The task:
Copying rule for the data below: pictures stay out, and only the lines from the one with "Mamalicious - Zwangerschapskleding" down to the one with "یا بافت جداشده.", inclusive, are repeated exactly.

[Raw data — start]

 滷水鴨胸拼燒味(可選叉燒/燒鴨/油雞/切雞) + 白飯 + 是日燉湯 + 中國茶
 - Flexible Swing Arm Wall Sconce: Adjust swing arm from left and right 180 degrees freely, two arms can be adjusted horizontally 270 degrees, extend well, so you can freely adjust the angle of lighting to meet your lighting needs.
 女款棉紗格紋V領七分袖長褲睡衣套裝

[Raw data — finish]
[Raw data — start]

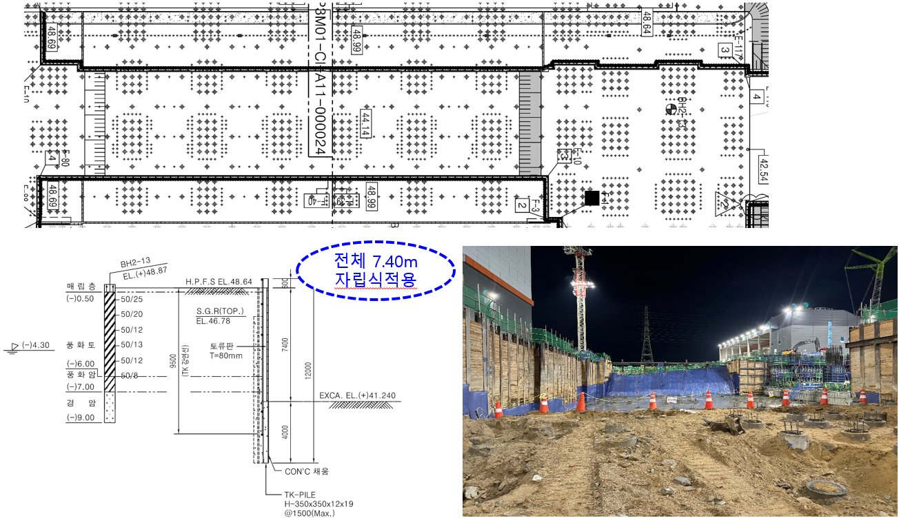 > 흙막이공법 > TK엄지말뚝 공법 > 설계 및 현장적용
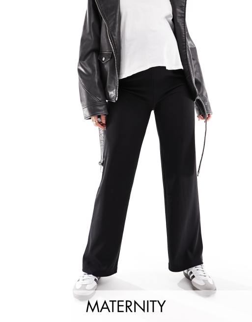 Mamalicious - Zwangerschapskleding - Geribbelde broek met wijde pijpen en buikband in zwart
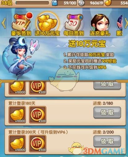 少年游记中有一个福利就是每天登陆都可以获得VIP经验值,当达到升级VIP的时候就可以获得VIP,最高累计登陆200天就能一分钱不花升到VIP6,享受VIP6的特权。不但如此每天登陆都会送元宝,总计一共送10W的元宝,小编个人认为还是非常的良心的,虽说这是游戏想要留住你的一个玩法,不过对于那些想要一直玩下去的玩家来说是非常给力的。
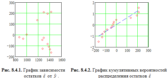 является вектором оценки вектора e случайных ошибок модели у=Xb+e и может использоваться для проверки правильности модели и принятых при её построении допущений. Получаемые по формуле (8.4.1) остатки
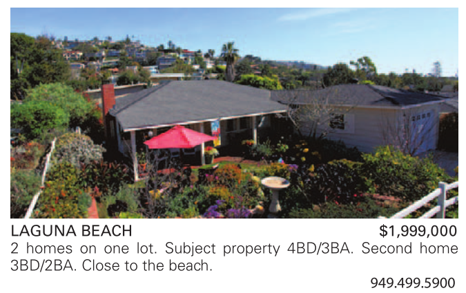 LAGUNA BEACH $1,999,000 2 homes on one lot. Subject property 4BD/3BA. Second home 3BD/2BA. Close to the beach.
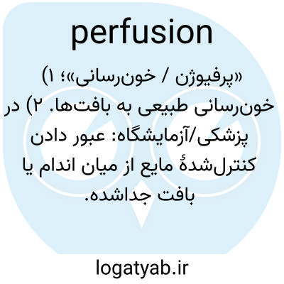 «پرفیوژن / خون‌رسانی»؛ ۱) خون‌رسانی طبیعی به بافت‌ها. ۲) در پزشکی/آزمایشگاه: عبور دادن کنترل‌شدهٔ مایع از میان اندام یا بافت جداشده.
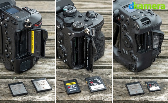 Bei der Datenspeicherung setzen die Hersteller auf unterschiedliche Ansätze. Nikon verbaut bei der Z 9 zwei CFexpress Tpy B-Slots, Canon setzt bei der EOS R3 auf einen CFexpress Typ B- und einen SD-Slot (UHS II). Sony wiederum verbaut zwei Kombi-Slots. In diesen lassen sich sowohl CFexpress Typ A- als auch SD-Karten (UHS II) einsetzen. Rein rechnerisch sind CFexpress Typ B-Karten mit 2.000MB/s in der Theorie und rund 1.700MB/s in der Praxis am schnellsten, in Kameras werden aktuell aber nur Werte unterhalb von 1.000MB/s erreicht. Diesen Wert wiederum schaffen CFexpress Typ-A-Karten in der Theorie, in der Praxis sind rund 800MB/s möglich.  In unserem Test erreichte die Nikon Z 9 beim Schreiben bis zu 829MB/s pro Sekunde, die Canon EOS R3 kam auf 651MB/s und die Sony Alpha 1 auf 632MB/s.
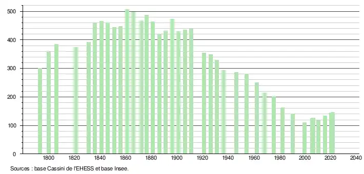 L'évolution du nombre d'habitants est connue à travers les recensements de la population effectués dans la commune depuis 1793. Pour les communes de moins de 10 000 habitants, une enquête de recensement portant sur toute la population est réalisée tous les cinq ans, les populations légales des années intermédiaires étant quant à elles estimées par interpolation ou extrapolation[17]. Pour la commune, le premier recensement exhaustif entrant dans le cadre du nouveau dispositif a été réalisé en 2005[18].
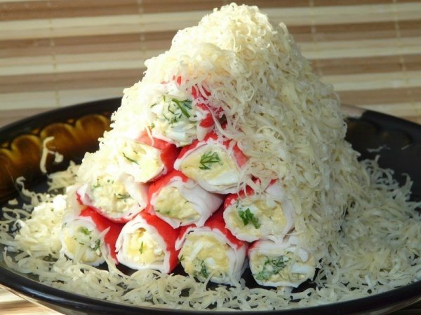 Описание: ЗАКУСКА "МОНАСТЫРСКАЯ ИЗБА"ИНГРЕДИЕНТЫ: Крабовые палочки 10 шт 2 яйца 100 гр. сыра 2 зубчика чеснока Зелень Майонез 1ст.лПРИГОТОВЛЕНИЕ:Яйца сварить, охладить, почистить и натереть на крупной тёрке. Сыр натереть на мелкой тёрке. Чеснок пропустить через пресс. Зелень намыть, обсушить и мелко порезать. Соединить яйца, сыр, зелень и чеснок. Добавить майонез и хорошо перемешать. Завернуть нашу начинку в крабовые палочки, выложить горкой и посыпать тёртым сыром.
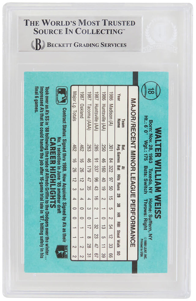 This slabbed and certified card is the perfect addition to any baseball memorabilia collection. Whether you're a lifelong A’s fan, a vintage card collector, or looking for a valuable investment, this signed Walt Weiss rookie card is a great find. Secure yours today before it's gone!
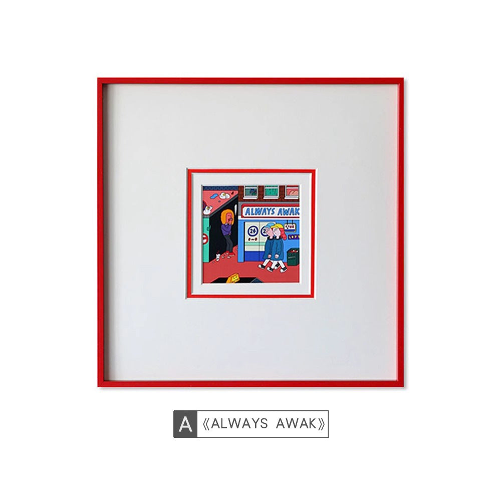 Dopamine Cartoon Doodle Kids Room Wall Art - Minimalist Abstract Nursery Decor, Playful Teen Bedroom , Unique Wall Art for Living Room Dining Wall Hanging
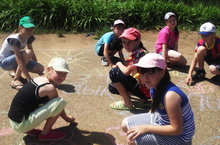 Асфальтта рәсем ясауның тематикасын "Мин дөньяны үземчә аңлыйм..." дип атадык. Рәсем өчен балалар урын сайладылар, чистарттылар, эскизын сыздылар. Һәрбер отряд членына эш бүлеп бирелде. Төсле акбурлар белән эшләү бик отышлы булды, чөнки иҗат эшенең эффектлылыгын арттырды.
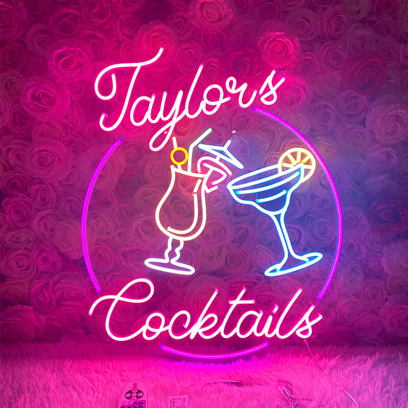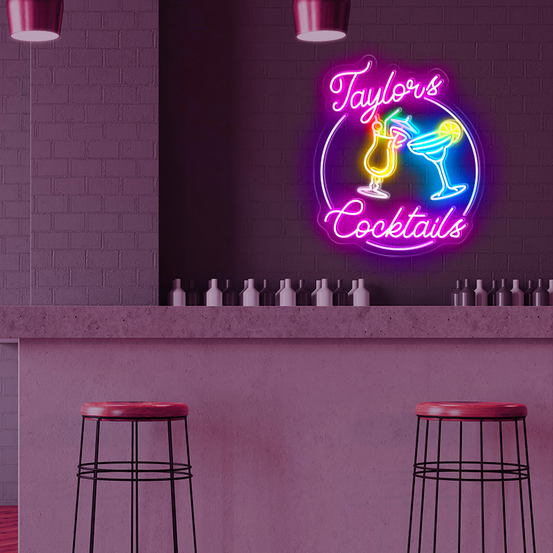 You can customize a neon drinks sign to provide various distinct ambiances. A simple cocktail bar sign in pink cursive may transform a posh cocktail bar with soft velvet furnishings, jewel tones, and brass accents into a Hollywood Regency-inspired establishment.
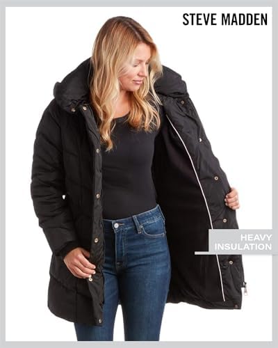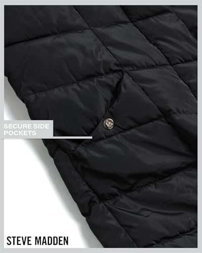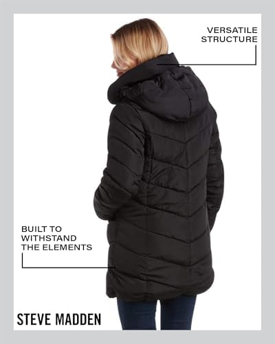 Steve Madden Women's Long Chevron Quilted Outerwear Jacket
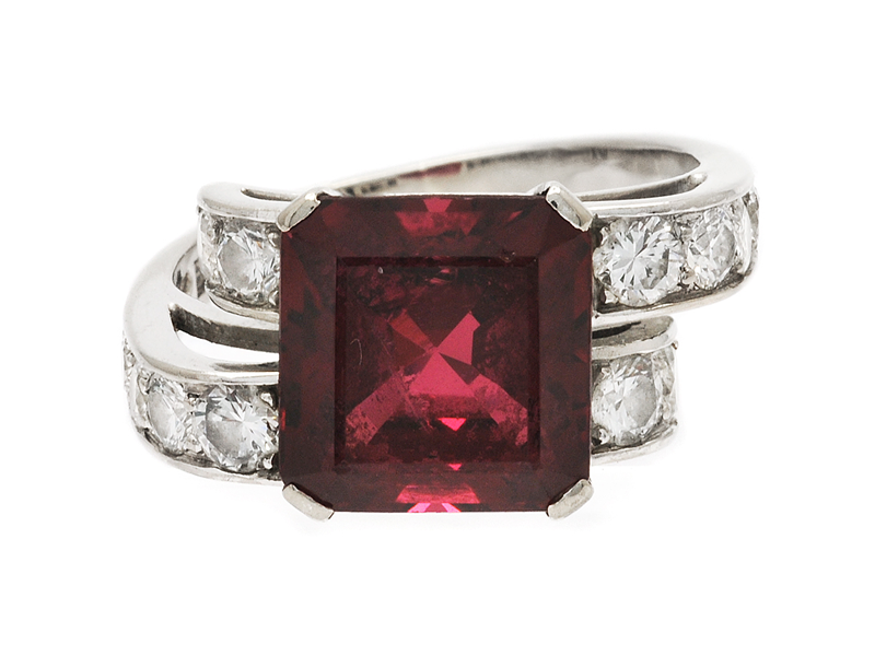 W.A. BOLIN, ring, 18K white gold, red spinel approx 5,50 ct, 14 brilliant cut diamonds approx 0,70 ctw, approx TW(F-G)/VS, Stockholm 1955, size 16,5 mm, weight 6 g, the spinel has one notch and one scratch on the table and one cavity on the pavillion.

[Raw data — finish]

Task response:
 Mamalicious - Zwangerschapskleding - Geribbelde broek met wijde pijpen en buikband in zwart
 少年游记中有一个福利就是每天登陆都可以获得VIP经验值,当达到升级VIP的时候就可以获得VIP,最高累计登陆200天就能一分钱不花升到VIP6,享受VIP6的特权。不但如此每天登陆都会送元宝,总计一共送10W的元宝,小编个人认为还是非常的良心的,虽说这是游戏想要留住你的一个玩法,不过对于那些想要一直玩下去的玩家来说是非常给力的。
 является вектором оценки вектора e случайных ошибок модели у=Xb+e и может использоваться для проверки правильности модели и принятых при её построении допущений. Получаемые по формуле (8.4.1) остатки
 LAGUNA BEACH $1,999,000 2 homes on one lot. Subject property 4BD/3BA. Second home 3BD/2BA. Close to the beach.
 «پرفیوژن / خون‌رسانی»؛ ۱) خون‌رسانی طبیعی به بافت‌ها. ۲) در پزشکی/آزمایشگاه: عبور دادن کنترل‌شدهٔ مایع از میان اندام یا بافت جداشده.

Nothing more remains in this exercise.